Netflix faces legal battle, forges ahead with 'Tiger King 2'
Joseph "Joe Exotic" Maldonado-Passage poses with one of his tigers, Jan. 20, 2020. (AFP File Photo via Netflix US)


Hoping to follow up on its early-pandemic TV hit, Netflix is forging ahead with "Tiger King 2," already the subject of a legal battle with Joe Exotic in prison.

The sequel series catches up via phone with an aggrieved Exotic, the mullet-wearing zookeeper and big-cat aficionado who was jailed for ordering a hit on animal sanctuary owner Carole Baskin.

"There's an innocent man in prison," says Exotic in the trailer. "Everybody from the zoo is out there making money and I'm paying the price for every one of them people."

While Exotic's 22-year sentence was struck down in July, he remains convicted of a murder-for-hire plot and federal wildlife law violations, and is awaiting re-sentencing.

But "Tiger King 2" also focuses on arguably the original's most controversial sub-plot – the disappearance of Baskin's first husband, Don Lewis.

The first series – watched by 64 million households in its first four weeks after its March 2020 release – prominently featured Exotic's wild and unsubstantiated claims that Baskin fed her husband to her sanctuary's tigers.

Baskin denies any involvement in her husband's disappearance, and refused requests to participate in the sequel, telling producers to "lose my number" and even suing Netflix.

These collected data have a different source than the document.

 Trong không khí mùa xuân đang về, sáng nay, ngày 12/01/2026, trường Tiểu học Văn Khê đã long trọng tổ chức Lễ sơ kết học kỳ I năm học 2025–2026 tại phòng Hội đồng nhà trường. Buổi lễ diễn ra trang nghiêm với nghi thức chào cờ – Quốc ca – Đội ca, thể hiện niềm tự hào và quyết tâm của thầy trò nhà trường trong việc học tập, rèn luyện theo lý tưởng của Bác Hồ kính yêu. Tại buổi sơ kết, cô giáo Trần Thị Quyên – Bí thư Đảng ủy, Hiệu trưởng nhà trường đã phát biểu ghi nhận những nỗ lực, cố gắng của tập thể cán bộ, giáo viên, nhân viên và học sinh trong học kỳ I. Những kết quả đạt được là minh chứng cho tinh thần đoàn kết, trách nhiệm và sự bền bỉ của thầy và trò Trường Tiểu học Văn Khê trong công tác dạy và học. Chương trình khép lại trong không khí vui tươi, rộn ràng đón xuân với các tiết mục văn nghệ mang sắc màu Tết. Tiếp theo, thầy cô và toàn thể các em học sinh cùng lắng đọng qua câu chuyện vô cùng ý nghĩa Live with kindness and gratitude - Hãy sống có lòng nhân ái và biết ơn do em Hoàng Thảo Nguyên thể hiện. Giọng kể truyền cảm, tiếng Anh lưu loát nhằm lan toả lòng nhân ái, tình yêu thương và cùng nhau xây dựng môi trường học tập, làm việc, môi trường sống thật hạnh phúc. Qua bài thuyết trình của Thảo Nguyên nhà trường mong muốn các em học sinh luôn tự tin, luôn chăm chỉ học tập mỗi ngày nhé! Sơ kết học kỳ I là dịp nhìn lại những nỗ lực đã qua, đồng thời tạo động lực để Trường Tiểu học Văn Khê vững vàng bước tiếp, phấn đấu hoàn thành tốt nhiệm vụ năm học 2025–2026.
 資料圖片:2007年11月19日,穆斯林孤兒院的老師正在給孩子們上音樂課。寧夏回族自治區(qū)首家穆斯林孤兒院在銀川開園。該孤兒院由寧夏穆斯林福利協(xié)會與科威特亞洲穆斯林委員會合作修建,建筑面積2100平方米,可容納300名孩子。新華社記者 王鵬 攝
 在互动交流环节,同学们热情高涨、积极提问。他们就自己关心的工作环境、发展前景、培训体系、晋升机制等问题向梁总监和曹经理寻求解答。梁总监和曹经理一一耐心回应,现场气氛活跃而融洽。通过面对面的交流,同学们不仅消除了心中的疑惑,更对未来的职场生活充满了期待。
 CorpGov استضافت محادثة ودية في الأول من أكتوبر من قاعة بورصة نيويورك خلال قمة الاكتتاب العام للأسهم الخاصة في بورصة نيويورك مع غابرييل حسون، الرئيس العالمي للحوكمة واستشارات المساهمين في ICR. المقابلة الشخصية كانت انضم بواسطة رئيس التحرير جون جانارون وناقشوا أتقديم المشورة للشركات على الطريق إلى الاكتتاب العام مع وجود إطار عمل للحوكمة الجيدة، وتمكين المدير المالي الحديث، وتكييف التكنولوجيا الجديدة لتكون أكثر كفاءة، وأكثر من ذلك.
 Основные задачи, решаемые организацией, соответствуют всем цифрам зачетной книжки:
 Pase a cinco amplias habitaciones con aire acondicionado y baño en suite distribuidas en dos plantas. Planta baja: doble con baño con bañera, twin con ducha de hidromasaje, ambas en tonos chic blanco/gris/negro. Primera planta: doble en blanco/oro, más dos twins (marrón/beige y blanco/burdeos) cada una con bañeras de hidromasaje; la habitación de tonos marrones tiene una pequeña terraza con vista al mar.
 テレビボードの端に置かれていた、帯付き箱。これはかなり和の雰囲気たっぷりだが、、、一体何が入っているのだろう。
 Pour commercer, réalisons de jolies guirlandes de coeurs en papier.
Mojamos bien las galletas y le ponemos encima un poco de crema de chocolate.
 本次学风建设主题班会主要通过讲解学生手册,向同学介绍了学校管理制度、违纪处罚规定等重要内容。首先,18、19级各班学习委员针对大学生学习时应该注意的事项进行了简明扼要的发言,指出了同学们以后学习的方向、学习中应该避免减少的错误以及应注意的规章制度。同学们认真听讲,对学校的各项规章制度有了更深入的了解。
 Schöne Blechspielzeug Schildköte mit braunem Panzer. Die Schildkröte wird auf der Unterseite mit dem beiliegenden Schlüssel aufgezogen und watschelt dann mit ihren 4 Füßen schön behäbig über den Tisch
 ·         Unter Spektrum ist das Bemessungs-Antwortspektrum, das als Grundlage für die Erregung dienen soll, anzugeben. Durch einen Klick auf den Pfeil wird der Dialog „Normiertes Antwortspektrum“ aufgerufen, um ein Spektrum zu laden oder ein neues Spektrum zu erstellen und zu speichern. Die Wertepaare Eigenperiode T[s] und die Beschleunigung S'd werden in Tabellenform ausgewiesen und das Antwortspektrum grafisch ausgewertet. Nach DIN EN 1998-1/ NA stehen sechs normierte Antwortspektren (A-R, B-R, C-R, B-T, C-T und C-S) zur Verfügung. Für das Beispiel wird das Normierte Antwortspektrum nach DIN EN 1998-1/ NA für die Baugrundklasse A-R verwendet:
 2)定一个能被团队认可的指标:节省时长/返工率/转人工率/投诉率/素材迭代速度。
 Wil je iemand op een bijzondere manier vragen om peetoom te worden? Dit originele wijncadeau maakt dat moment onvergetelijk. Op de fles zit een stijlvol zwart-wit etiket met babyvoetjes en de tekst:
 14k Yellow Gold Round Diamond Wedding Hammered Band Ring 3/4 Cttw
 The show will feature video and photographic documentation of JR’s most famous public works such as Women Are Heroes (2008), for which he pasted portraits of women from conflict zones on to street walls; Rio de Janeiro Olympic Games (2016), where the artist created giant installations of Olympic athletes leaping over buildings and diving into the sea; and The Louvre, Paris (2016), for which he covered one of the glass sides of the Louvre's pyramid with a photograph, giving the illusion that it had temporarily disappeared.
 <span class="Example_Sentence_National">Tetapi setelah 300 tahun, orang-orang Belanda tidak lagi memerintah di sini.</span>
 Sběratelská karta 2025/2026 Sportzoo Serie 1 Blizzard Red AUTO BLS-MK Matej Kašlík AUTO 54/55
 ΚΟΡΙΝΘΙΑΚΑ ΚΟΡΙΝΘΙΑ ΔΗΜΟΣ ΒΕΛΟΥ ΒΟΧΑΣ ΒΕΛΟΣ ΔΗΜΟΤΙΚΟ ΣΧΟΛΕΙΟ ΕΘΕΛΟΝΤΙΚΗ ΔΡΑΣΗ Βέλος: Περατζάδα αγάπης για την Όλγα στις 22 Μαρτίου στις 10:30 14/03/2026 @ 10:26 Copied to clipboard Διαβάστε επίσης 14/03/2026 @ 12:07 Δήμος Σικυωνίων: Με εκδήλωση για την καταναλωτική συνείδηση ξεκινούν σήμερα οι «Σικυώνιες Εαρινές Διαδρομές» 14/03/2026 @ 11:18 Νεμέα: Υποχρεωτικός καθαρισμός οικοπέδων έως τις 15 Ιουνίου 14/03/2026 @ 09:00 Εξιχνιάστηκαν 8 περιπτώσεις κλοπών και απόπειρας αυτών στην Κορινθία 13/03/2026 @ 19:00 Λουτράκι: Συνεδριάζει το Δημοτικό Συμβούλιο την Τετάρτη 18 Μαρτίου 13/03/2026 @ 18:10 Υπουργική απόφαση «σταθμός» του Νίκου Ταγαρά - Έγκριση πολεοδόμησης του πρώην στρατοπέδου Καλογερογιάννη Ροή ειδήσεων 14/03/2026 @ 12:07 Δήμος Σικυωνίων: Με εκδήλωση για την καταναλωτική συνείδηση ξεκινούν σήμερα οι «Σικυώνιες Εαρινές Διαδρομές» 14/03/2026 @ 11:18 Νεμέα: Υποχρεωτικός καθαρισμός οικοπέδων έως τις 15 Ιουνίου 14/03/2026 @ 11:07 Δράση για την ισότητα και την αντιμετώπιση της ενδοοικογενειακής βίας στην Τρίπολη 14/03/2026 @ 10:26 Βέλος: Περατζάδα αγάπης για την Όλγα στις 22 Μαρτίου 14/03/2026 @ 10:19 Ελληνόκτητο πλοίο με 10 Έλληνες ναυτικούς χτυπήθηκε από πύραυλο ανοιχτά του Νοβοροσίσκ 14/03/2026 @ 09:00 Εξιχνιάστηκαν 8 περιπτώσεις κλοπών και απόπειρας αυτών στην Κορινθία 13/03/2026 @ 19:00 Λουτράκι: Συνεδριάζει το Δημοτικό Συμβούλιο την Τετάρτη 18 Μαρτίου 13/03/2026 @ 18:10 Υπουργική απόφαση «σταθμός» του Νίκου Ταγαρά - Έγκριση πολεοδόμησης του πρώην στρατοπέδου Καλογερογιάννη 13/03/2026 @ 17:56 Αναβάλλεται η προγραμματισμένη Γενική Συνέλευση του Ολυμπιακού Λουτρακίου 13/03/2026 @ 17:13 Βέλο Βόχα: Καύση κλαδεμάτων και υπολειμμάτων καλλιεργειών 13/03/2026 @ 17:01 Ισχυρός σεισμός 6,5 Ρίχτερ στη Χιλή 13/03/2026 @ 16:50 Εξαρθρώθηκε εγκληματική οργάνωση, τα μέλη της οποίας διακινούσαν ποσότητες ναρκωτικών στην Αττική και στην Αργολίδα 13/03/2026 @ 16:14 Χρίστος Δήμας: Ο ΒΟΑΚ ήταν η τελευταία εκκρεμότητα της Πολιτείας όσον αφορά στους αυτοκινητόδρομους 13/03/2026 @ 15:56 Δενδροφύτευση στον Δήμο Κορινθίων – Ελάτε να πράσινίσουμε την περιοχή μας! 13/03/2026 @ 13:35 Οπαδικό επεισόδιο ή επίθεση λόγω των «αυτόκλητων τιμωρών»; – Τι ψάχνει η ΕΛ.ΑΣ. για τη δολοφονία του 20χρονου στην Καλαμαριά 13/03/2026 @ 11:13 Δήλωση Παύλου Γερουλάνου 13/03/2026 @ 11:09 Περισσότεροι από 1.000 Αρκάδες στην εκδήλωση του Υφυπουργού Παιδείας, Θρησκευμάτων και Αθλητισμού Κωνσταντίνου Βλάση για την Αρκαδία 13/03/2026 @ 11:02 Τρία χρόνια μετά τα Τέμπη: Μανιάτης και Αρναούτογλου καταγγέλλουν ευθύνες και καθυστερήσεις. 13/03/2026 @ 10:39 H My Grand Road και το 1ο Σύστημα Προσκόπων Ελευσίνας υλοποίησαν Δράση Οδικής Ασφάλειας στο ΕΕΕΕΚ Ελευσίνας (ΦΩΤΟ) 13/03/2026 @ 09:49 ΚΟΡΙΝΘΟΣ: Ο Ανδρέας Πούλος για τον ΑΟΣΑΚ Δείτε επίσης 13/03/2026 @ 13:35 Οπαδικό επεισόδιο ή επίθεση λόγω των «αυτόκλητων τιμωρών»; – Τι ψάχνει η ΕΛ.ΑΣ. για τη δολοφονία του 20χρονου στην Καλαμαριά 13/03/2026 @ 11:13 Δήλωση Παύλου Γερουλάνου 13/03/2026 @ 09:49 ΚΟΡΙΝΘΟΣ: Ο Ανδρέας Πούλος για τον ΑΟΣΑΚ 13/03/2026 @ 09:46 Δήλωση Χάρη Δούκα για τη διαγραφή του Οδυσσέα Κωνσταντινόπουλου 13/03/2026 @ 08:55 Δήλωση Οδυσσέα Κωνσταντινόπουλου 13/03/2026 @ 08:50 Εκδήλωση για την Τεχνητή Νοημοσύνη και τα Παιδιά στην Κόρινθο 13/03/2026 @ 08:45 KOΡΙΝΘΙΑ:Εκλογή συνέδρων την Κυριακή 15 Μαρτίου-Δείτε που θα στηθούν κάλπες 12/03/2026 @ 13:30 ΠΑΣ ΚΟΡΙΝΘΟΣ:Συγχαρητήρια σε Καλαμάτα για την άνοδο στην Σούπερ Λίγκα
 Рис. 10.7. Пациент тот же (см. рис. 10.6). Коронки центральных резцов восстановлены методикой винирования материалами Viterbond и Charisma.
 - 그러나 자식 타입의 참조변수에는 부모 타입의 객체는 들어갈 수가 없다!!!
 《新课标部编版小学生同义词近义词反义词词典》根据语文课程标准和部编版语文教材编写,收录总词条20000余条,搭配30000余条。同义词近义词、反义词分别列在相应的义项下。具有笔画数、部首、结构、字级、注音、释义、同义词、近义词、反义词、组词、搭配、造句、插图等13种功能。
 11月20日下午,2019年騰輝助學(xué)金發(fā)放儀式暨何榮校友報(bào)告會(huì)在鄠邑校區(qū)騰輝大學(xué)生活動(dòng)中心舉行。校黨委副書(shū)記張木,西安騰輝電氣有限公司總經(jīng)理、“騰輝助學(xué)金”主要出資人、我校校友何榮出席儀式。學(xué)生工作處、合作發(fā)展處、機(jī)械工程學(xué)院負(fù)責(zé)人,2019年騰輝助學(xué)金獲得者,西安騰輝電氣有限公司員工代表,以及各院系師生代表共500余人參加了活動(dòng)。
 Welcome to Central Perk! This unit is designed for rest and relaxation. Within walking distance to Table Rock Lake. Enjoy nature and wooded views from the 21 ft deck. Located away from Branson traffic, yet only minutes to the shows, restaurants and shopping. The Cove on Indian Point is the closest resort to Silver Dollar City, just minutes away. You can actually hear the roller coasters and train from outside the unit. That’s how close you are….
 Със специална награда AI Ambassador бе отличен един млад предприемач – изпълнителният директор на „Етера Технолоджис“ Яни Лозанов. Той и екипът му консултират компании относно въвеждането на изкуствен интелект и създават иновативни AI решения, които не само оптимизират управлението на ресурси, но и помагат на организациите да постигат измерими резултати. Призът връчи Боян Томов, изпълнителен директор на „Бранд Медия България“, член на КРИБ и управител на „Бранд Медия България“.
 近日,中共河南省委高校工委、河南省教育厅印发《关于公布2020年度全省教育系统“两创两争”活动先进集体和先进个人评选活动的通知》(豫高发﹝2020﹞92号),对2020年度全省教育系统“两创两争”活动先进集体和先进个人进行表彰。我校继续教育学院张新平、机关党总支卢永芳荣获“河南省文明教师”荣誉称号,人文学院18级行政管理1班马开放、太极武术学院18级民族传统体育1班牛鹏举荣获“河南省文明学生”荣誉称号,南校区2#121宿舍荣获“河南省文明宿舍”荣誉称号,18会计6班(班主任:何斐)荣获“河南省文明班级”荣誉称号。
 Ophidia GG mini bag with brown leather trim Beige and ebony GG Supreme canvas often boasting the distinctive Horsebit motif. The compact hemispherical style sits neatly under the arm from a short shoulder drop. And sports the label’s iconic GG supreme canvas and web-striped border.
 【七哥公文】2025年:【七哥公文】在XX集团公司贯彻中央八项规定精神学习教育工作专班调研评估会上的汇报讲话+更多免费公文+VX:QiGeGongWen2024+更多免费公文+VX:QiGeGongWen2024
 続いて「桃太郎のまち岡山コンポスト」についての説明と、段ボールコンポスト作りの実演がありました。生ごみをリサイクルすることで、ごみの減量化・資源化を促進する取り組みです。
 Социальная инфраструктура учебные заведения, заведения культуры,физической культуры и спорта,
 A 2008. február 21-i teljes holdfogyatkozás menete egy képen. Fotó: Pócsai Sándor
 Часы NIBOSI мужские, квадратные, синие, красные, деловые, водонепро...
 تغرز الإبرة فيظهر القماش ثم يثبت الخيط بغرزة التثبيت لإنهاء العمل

Calling the first series "harsh and unfair" and slamming its implication that she was involved in her husband's presumed death as "pernicious," the lawsuit contends Baskin only signed up to appear in the original.

"(T)he Defendants are in breach of the terms of the Appearance Releases," which Baskin signed, it says.

But a Florida court has denied Baskin's request for a temporary restraining order, and Netflix has reportedly shot back with legal filings supporting its right to use footage of Baskin in the sequel.

Netflix did not respond to a request for comment on the lawsuit, but released interview footage from "Tiger King 2" discussing Lewis' alleged links to "really bad men."

"Carole told me that he hung around with a lot of unscrupulous types of people. Maybe he stuck somebody for some money, and they caught up with him," says her ex-boyfriend Alan Schreier.

"He did horrible stuff to Carole. But by the end, he made a mess," he adds.

Also set for a return are Jeffrey and Lauren Lowe, a pair portrayed as swingers who took over Exotic's zoo after his arrest.

They were ordered to turn the petting zoo over to Baskin last year, and later had dozens of lions and tigers seized by U.S. wildlife officials over mistreatment concerns.

Still, a trailer finds Jeffrey Lowe boasting: "Tiger King changed our lives overnight. We have more money than God right now."

Netflix has not made preview episodes available, meaning its promise of "more madness and mayhem" will need to wait until Wednesday.